What you will do
Print all of the data below exactly as it appears, leaving out every image.

Data section

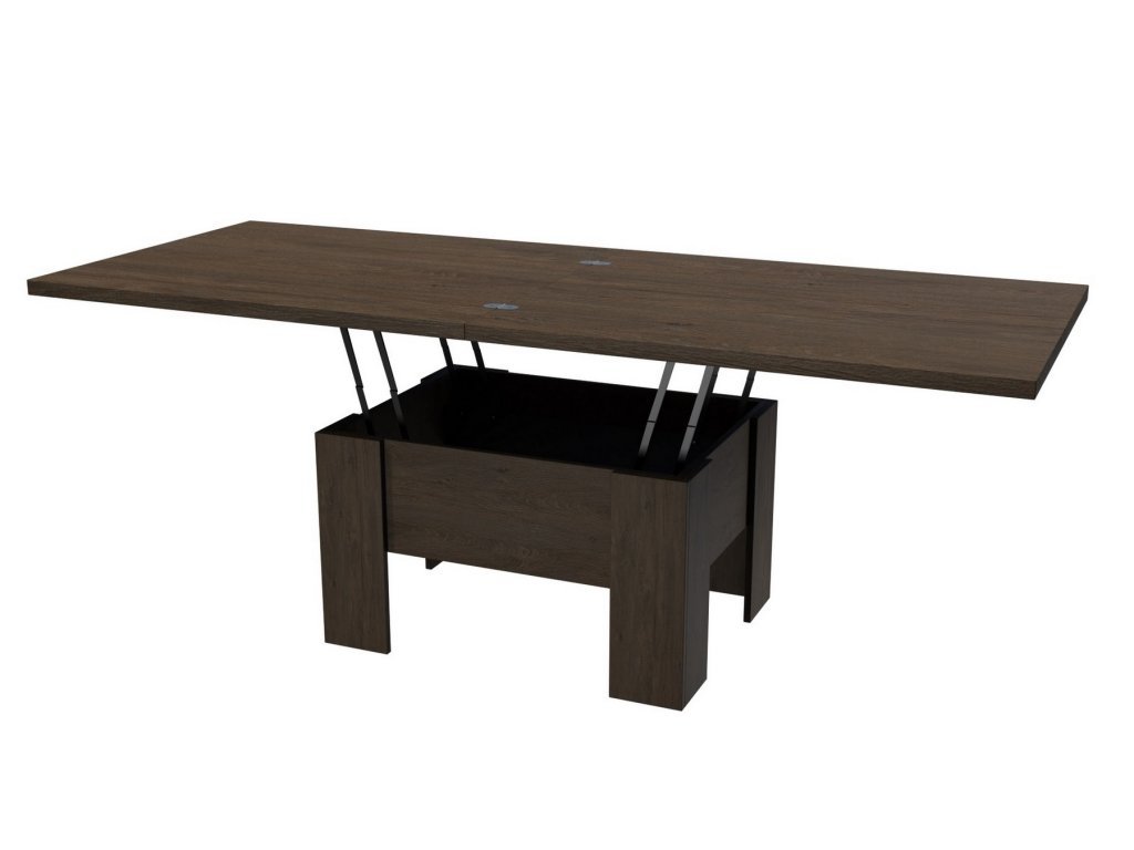 Elegantní konferenční stůl s funkcí jídelního stolu v moderním pojetí. Výhodou tohoto stolu je nastavitelná výška, kdy po zvýšení a rozkladu desky je možno ho použít ke stolování. Masivní deska je z LTD 32 mm opatřena ABS páskou 2 mm, otevírací mechanismus je vysoké kvality. Barevné provedení - jasan tmavý. Plocha před rozložením je 80 x 100 cm, po rozložení 80 x 200 cm. Výška se po rozkladu z 53 cm zvýší na 78 cm. Dodáváme v demontovaném stavu.Doplňkové parametry
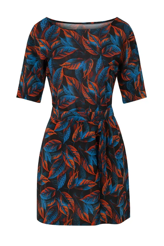Uszyta i gotowa do wysyłki. Model: Sukienka Łódka wzór – No Pewnie Kolor: jak na foto – wzór kakaowiec Rozmiar: XS dł 90cm Materiał – jersey bawełniany 92% bawełna 8% elastan Produkt dostępny od ręki. Wysyłka 1-2dni.
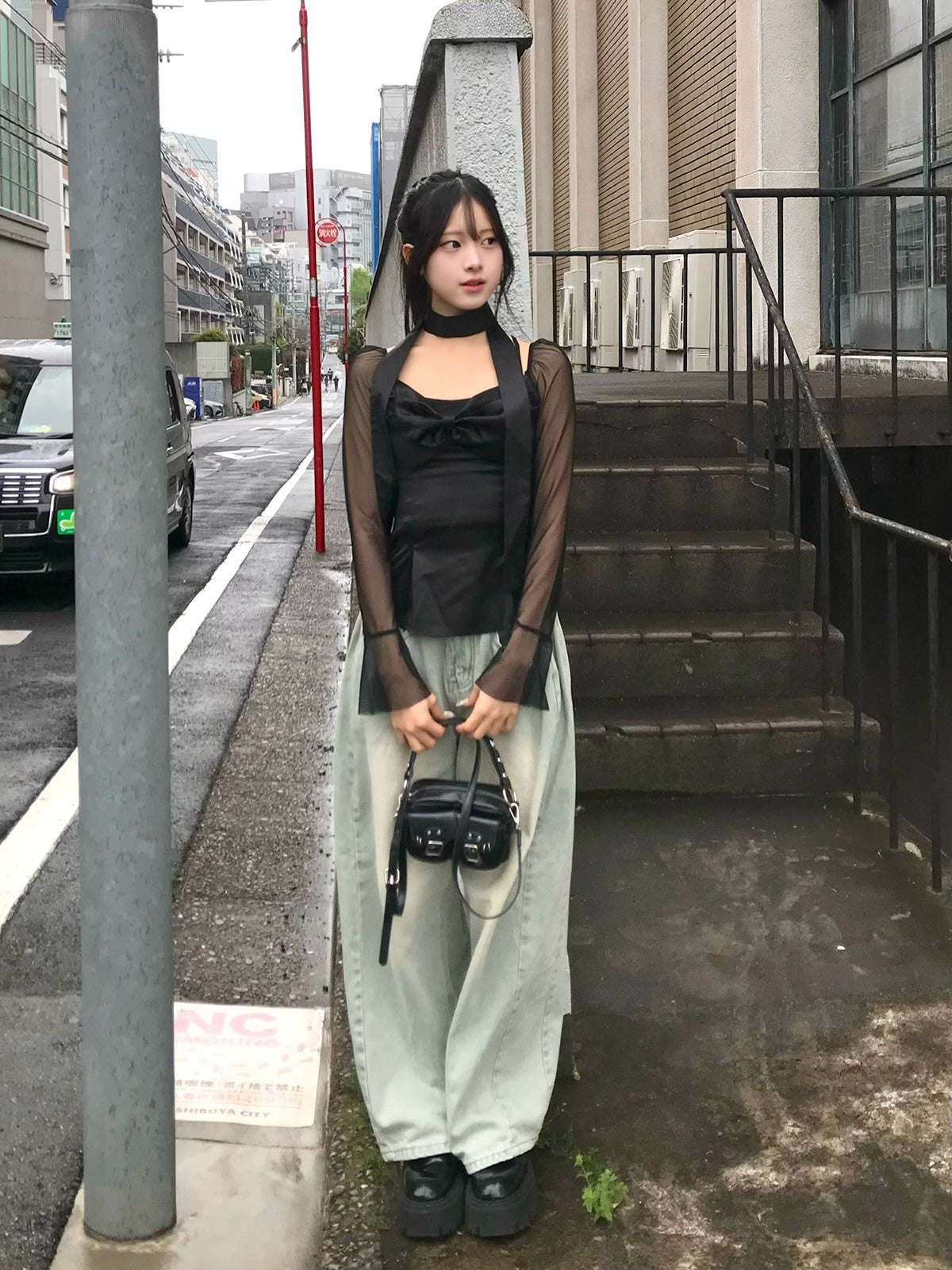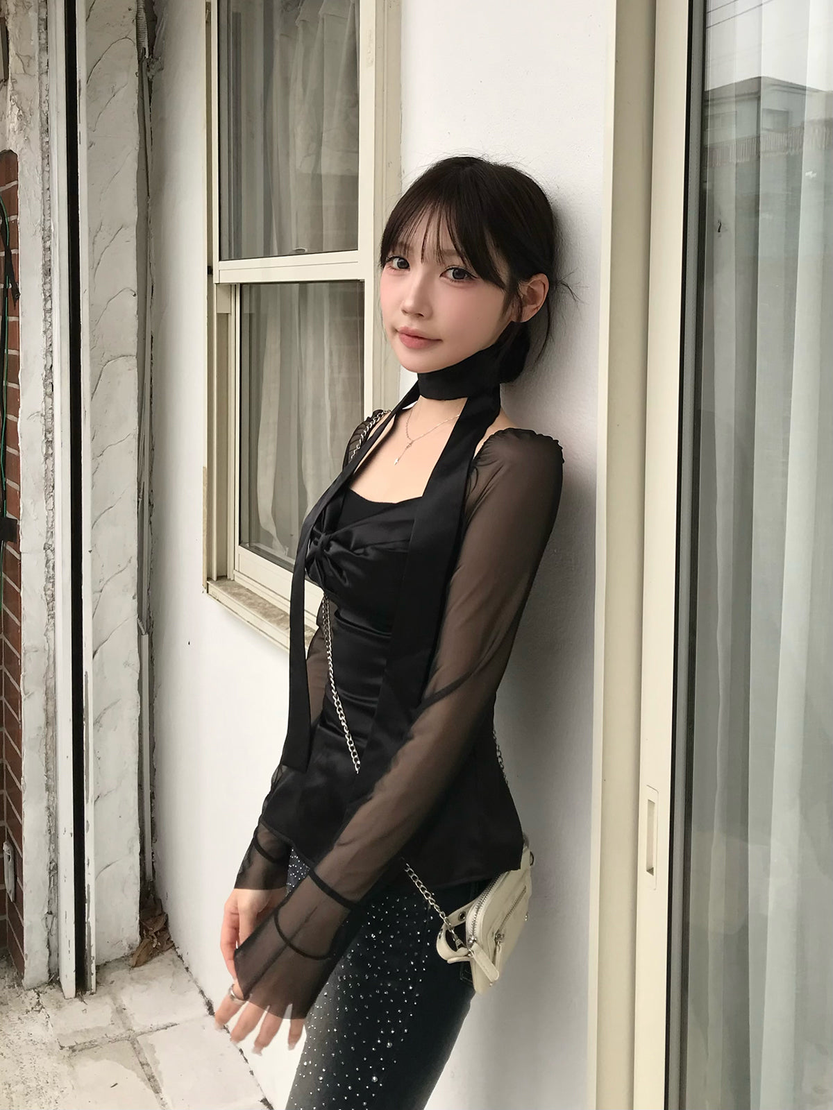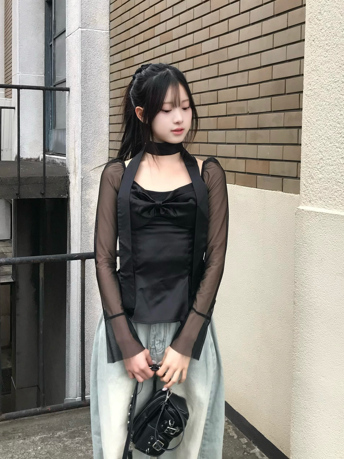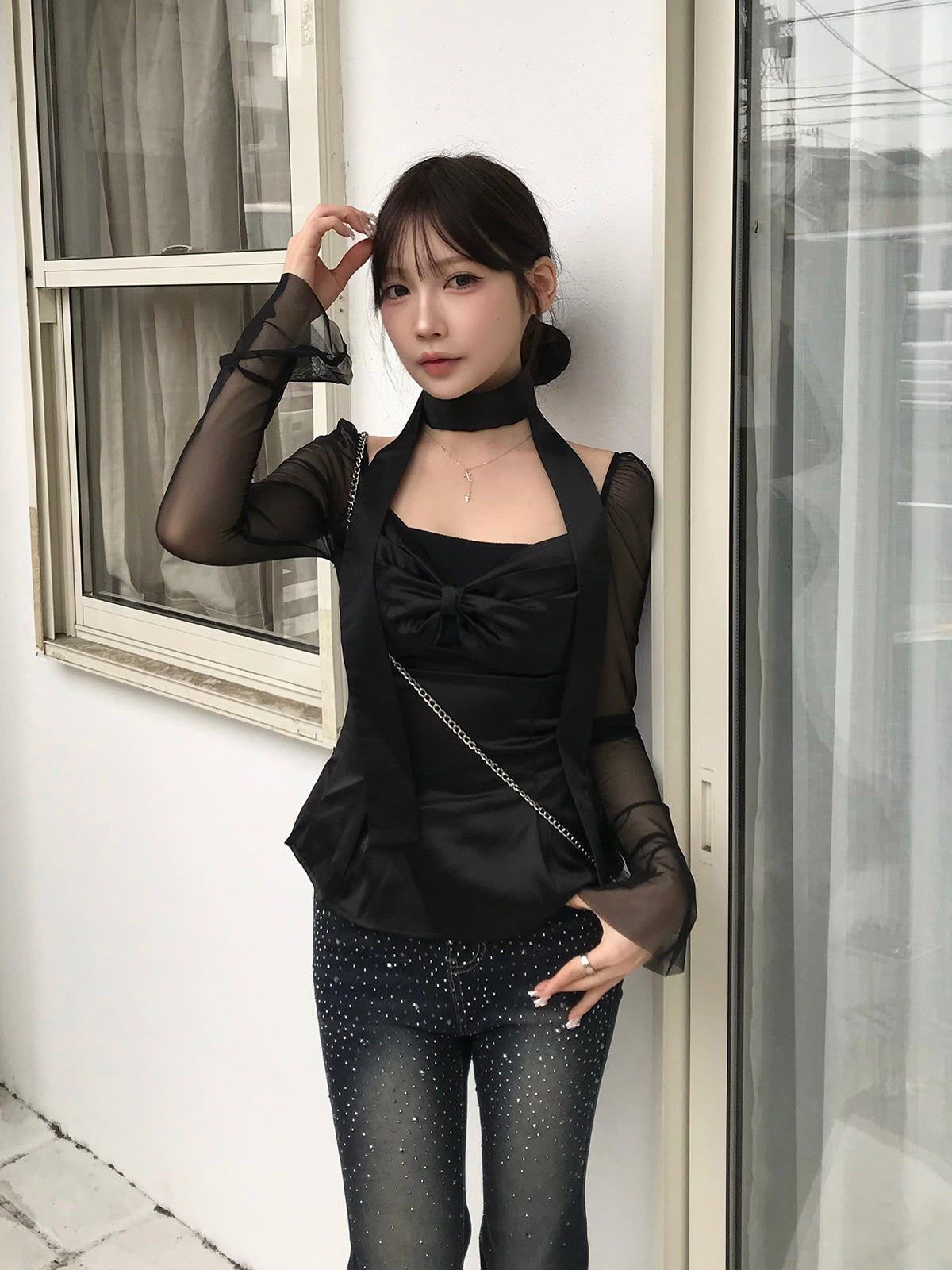 サテンの光沢感とシアースリーブのコントラストが印象的なブラウス。

Task response
 Elegantní konferenční stůl s funkcí jídelního stolu v moderním pojetí. Výhodou tohoto stolu je nastavitelná výška, kdy po zvýšení a rozkladu desky je možno ho použít ke stolování. Masivní deska je z LTD 32 mm opatřena ABS páskou 2 mm, otevírací mechanismus je vysoké kvality. Barevné provedení - jasan tmavý. Plocha před rozložením je 80 x 100 cm, po rozložení 80 x 200 cm. Výška se po rozkladu z 53 cm zvýší na 78 cm. Dodáváme v demontovaném stavu.Doplňkové parametry
Uszyta i gotowa do wysyłki. Model: Sukienka Łódka wzór – No Pewnie Kolor: jak na foto – wzór kakaowiec Rozmiar: XS dł 90cm Materiał – jersey bawełniany 92% bawełna 8% elastan Produkt dostępny od ręki. Wysyłka 1-2dni.
 サテンの光沢感とシアースリーブのコントラストが印象的なブラウス。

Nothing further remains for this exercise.